The milk is pumped directly into the sanitized cheese vat where it is slowly warmed by hot water that is circulated under the floor of the vat. Milk is heated to 86 degrees.
Machine-driven paddles are used to stir the milk and insure even heating.










Upon reaching proper temperature, starter is added. After a certain period of start time (which varies depending on which starter we use), vegetable rennet, which is diluted in cold water, is then added. The paddles briefly stir in the rennet and then are removed. The milk begins to set up (gel.) When the milk is fully set up it is time to cut the curd.

Two harps are used to cut the curd, a horizontal and a vertical.


Horizontal:










Vertical:


----------



## ozark_jewels (Oct 7, 2005)

Here you can see the curds as they begin to separate from the whey.










Paddles are put back in because it is time to heat and stir. Being a raw milk cheese, it is only warmed to 100 degrees or less (100 in the case of cheddar, less if it is Colby or goat cheeses). During this process the cheese maker uses a rubber scraper to prevent the curd from sticking to the bottom of the vat.



















After reaching the desired temperature, the heat is turned off. The paddles will stir for a total of 90 minutes. The paddles are then removed and laid aside. The process of draining the whey then begins.
Up until this point, the process is the same for Colby and cheddar. Since we are making cheddar today, the following applies to the making of our cheddar cheeses.

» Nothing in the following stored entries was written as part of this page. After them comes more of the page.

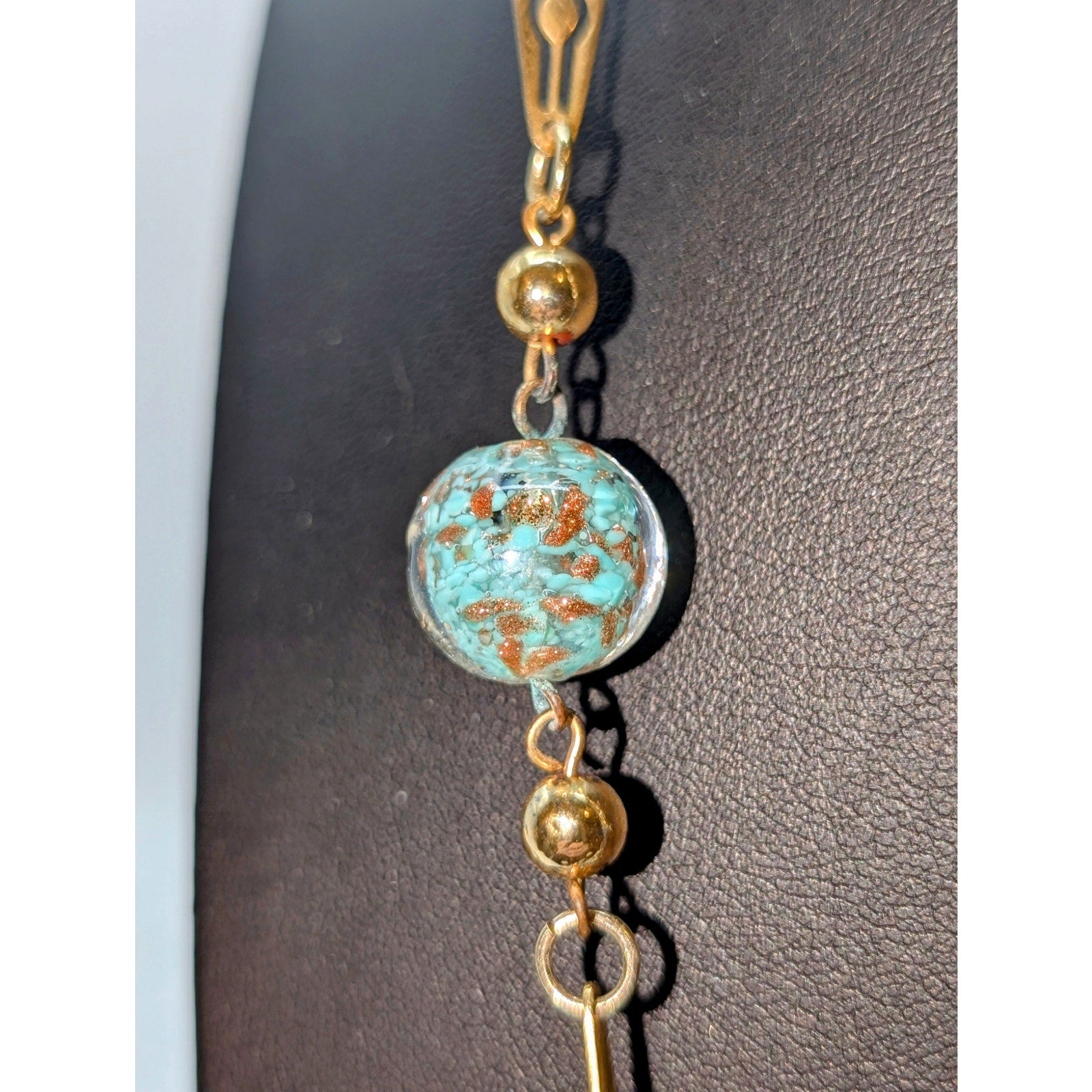 Vintage Blue Gold Glitter Glass Lampwork Pearl Gold Tone Chain Necklace Lot
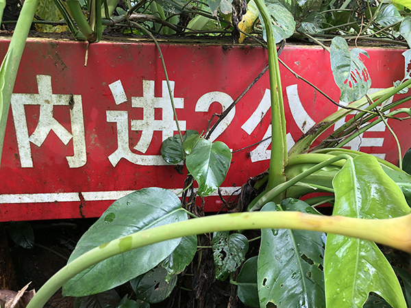 道路兩側大多數都是果蔬基地、園藝樹苗基地,依稀還有幾個擺攤賣給過路遊客水果的小販。根據導航顯示,車輛拐進了一條泥濘小路,沿着小路開了約3公里之後,看到一塊豎立的牌子上寫着“羅牛山六萬頭機械化豬場”,底端被草木遮擋住處有“內進2公里”的字樣,但再往裏深入也只剩下廢棄的豬圈,已經沒有一頭生豬了。
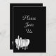 Um modelo de convite personalizado ou de anúncio com letras de script elegantes e um conjunto de pratos de prata em um bonito guardanapo de mesa em preto, cinza e branco.
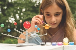 Les enfants assemblent un modèle des planètes et les personnalisent avec les peintures fournies. Une manière ludique de comprendre l’ordre et les tailles des planètes ainsi que les bases de l’astronomie.
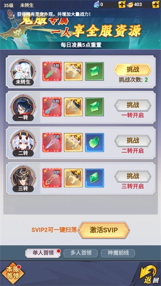 挑战【单人首领、多人首领、神魔前线】等副本以获取对应奖励,通过积累资源来提升战力【SVIP2享有一键扫荡功能】。
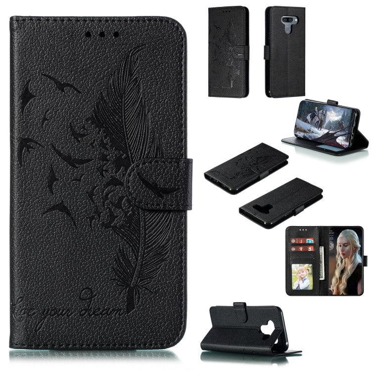 Estuche de Cuero LG K50 con Tapa Horizontal, Textura Litchi, Patrón Plumas, Billetera y Soporte (Negro)
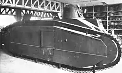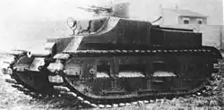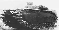 Development of the Char B1 ter was started at the same time as production funds were given for the bis with the intention of providing a tank armoured to 75mm.[6] A design with sloped and welded 70 mm armour, weighing 36.6 tonnes and powered by a 350 hp (260 kW) engine was meant to replace the B1 bis to accelerate mass production, a change first intended for the summer of 1940 and later postponed to March 1941. In the course of the redesign, space was provided for a fifth crew member, a "mechanic".[6] Cost was reduced by omitting the complex Neader transmission and giving the hull gun a traverse of five degrees to each side instead. The first prototype was shown in 1937.[6] Only three prototypes could be partly finished before the defeat of France. In May 1940 it was agreed to deliver nine Char B1s each month to Britain in exchange for a monthly British production of the "H 39". The three prototypes were lost after having been evacuated on 17 June 1940, their ship the Mécanicien Principal Carvin being bombed by the Germans in the Gironde on 21 June.[7] However, some believe that another prototype was obtained by Italy.
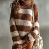 ElevenOra Chic Cozy Contrast Striped Turtleneck Long-sleeved Oversized Mohair Knit Mini Dress
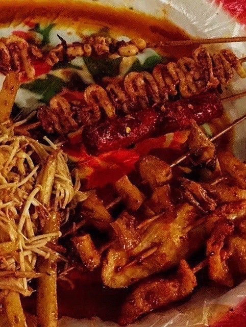 长沙 烧烤里,不能不点的就是牛油了吧,小串上是一串三四粒,一口一个,又香又脆,比较考验功夫;
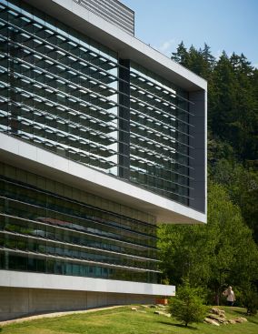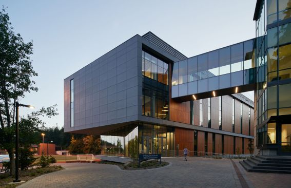 The building and site are important components of the campus ecosystem, educationally and environmentally, to connect people to place. Local ecological systems are expressed through a restored native forest, reused sandstone from the site, and a storm water feature with a vegetated site wall on the north side of the building. The trees displaced by the building were salvaged and re-used for stream restoration on the nearby Nooksack River and, in part, as seating along the pedestrian mall.
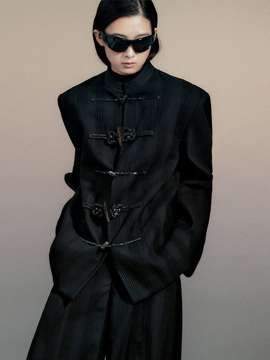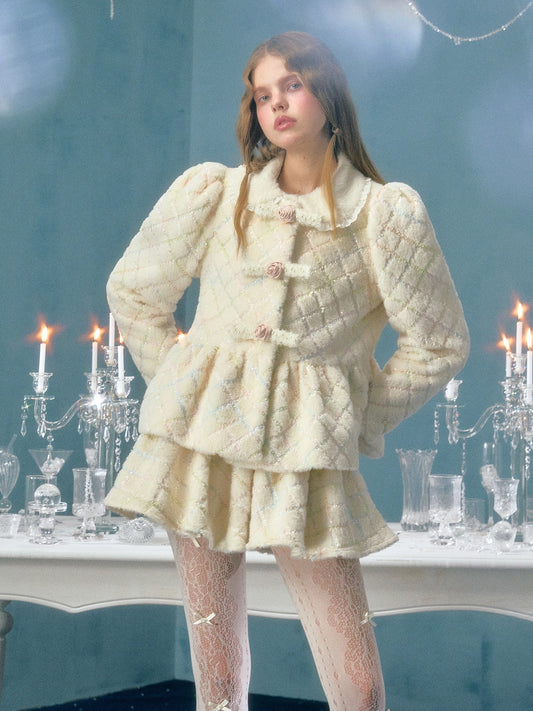 ローズアクセントロンバスノーカラーパフスリーブショートコート&フレアスカート
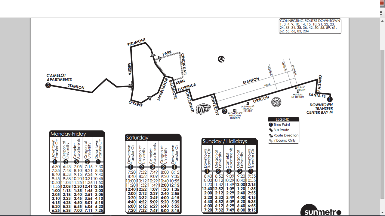 I freely admit that I am not an expert on mass transit systems. That being said, some of the other routes seem wasteful to me. Route 11, “Mesita via Kern Place” is an example. This graphic is from the sunmetro.net web site:
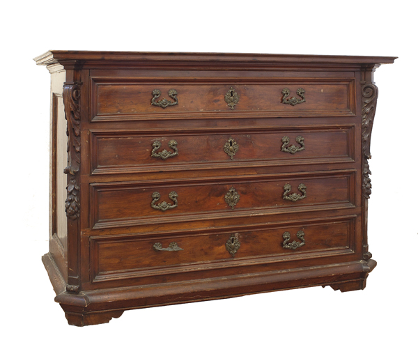 Cassettone in noce, quattro cassetti sformellati e lesene scolpite, piedi a mensola , Italia Centrale, XVII sec., cm. 11x156x67
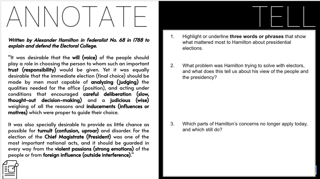 To get us started, I used questions pulled from the U.S. citizenship test focused on principles of government. I asked ten questions out loud and told students the goal was six correct answers, just like the traditional citizenship test requirement.
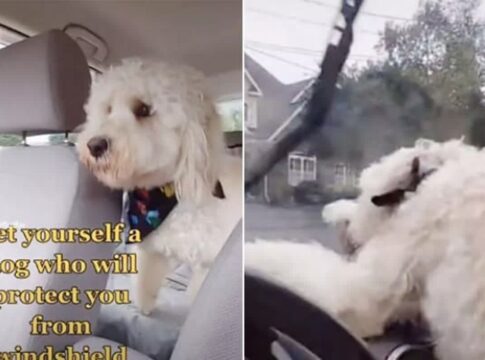 子犬がワイパーを「怪物」と誤解し、飼い主を守るために奮闘する姿が話題に。
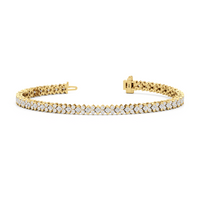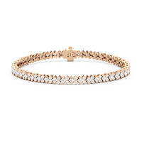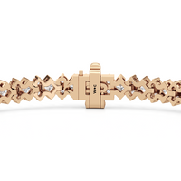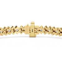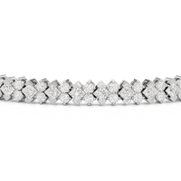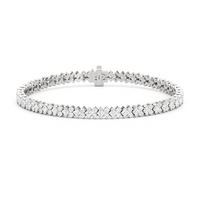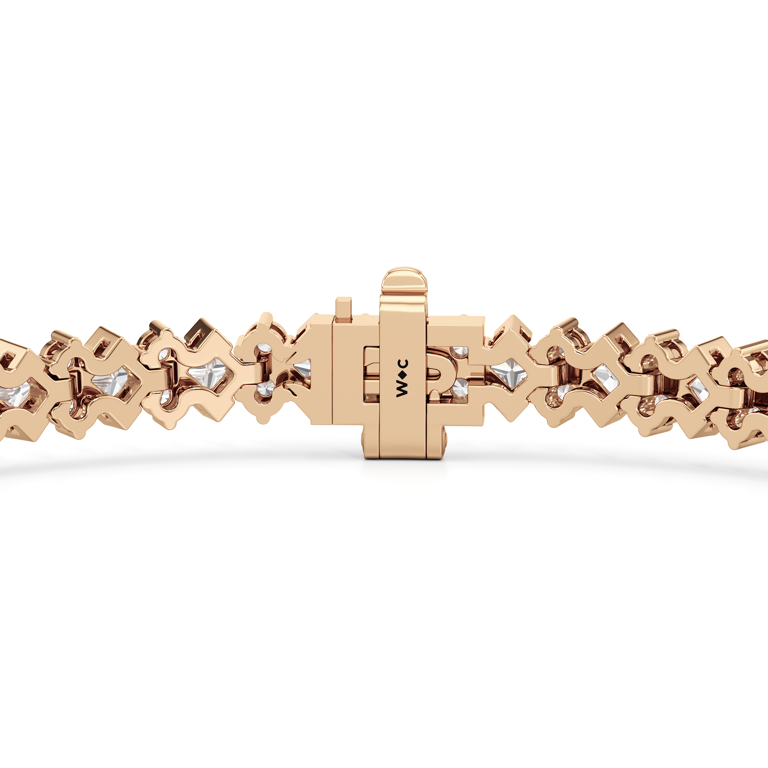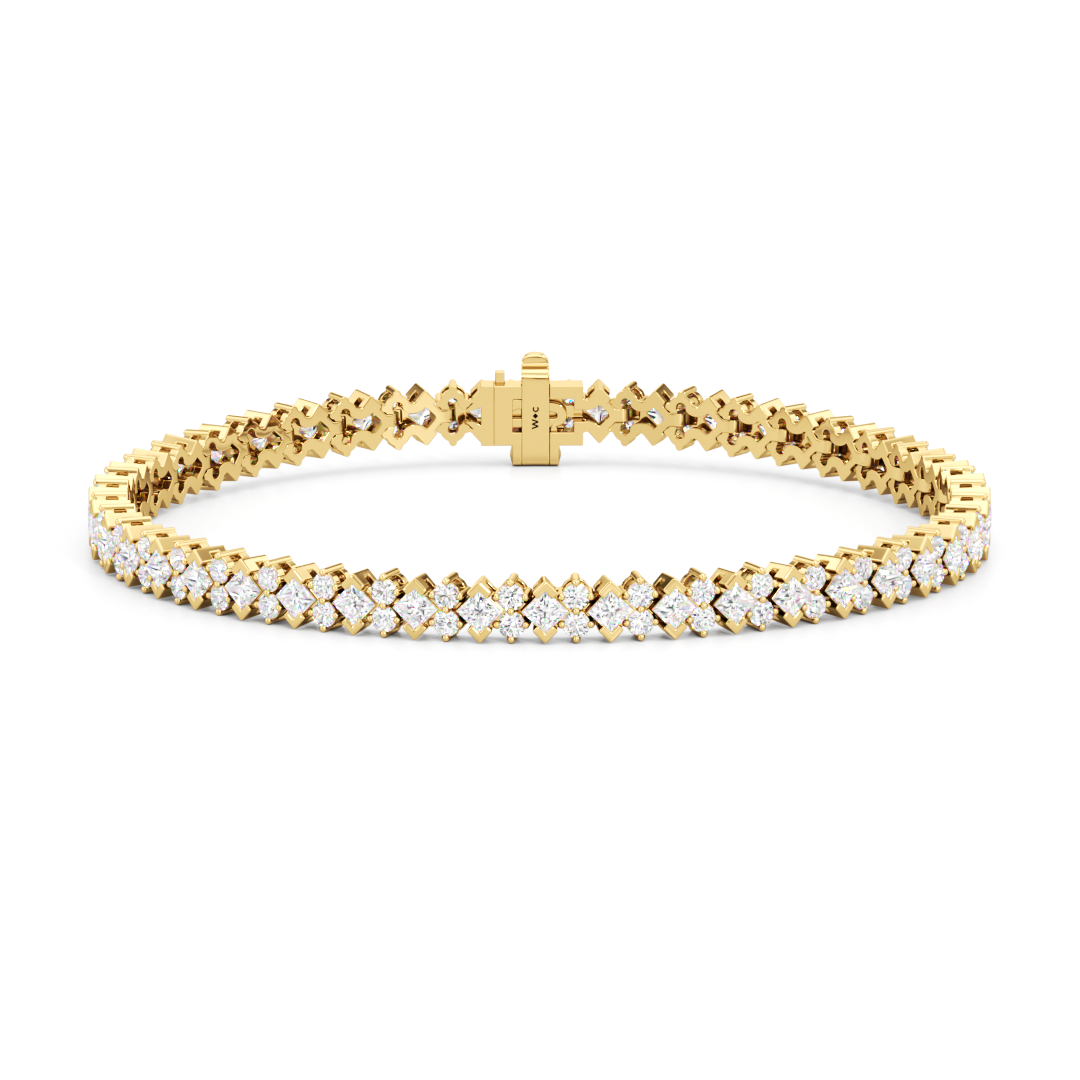 Geometry and symmetry brought another layer of charm to this stunning line bracelet. It exhibits a sophisticated play of light with its row of alternating kite-set princess diamonds on half bezels and duos of round diamonds.
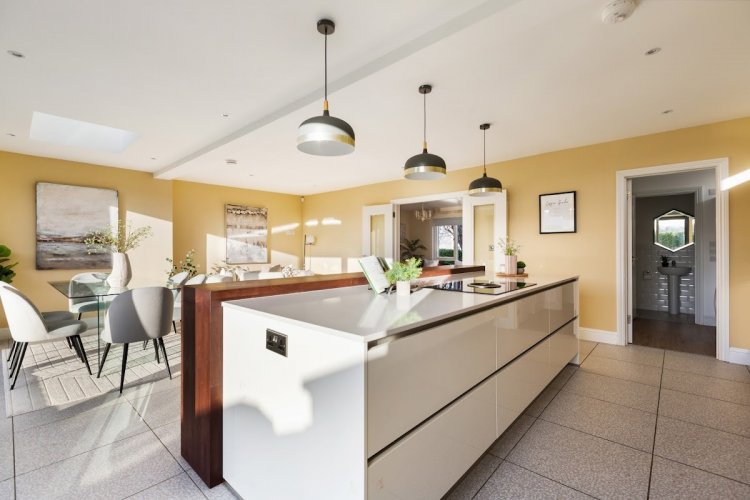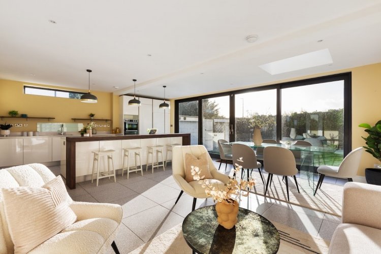 Kitchen/Dining/Family Room : 7.87m x 5.52m overall with fitted Kube kitchen, feature double glazed floor to ceiling doors opening to garden and roof window panel bringing in natural light, tiled floor, four door bay of sliding doors opening to sun terrace and landscaped gardens
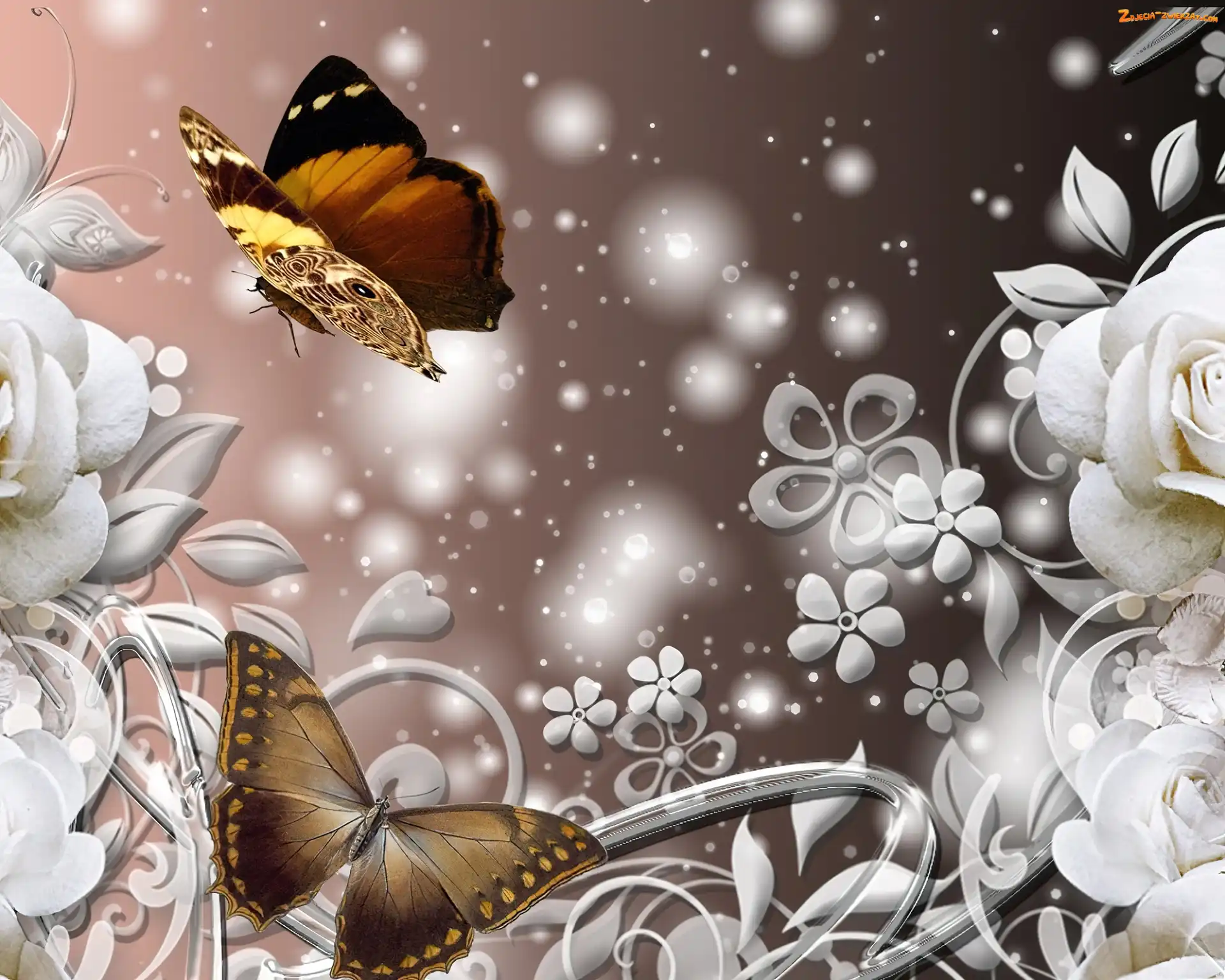Zdjęcie: Grafika, Kwiaty, Motyle
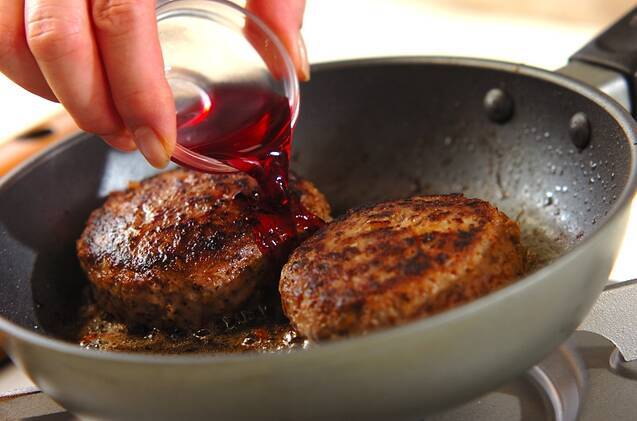 フライパンに新たに分量外のサラダ油小さじ1を熱し、ハンバーグの両面を焼く。赤ワインを入れ、フライパンに蓋をして4分程蒸し焼きにする。中まで火が通ったら取り出す。
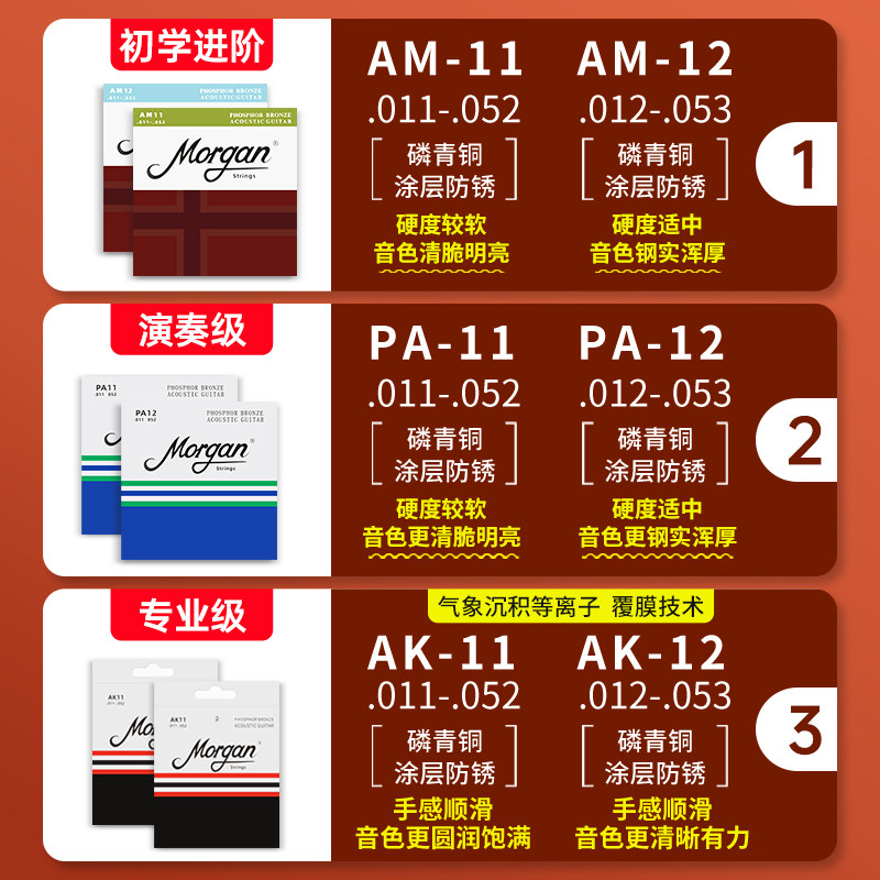 摩根吉他琴弦民谣木吉他一弦单根电吉他一套覆膜防锈吉他弦线全套
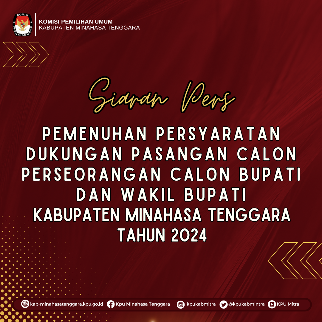 Berikut Siaran Pers Pemenuhan Persyaratan Dukungan Pasangan Calon Perseorangan Calon Bupati dan Wakil Bupati Kabupaten Minahasa Tenggara Tahun 2024.
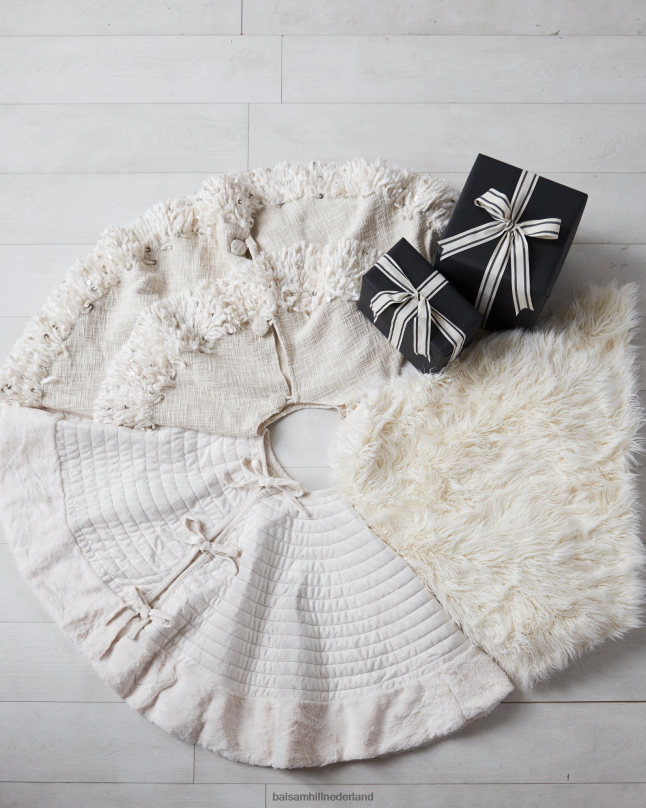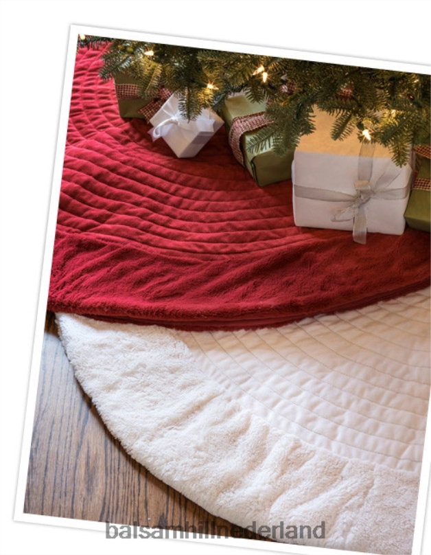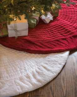 Voeg ingetogen elegantie toe aan je kerstboom met een pluchen boomrok. Met een channel stitch-quiltpatroon en een concentrisch cirkelvormig ontwerp geeft dit accent een eenvoudige maar verfijnde look aan uw decoratie.

The cheese maker uses the rubber scraper to divide the cheese in half on either side of the vat, allowing extra whey to drain and then he uses a knife to cut the curd into approximately 10&#8221;x 10&#8221; squares. These squares will be alternately flipped and flipped/stacked for two hours. At the end of this process, the whey that continues to drain from the curd should test to a certain acidity, the curd becomes shiny and its texture becomes firmer.


----------



## ozark_jewels (Oct 7, 2005)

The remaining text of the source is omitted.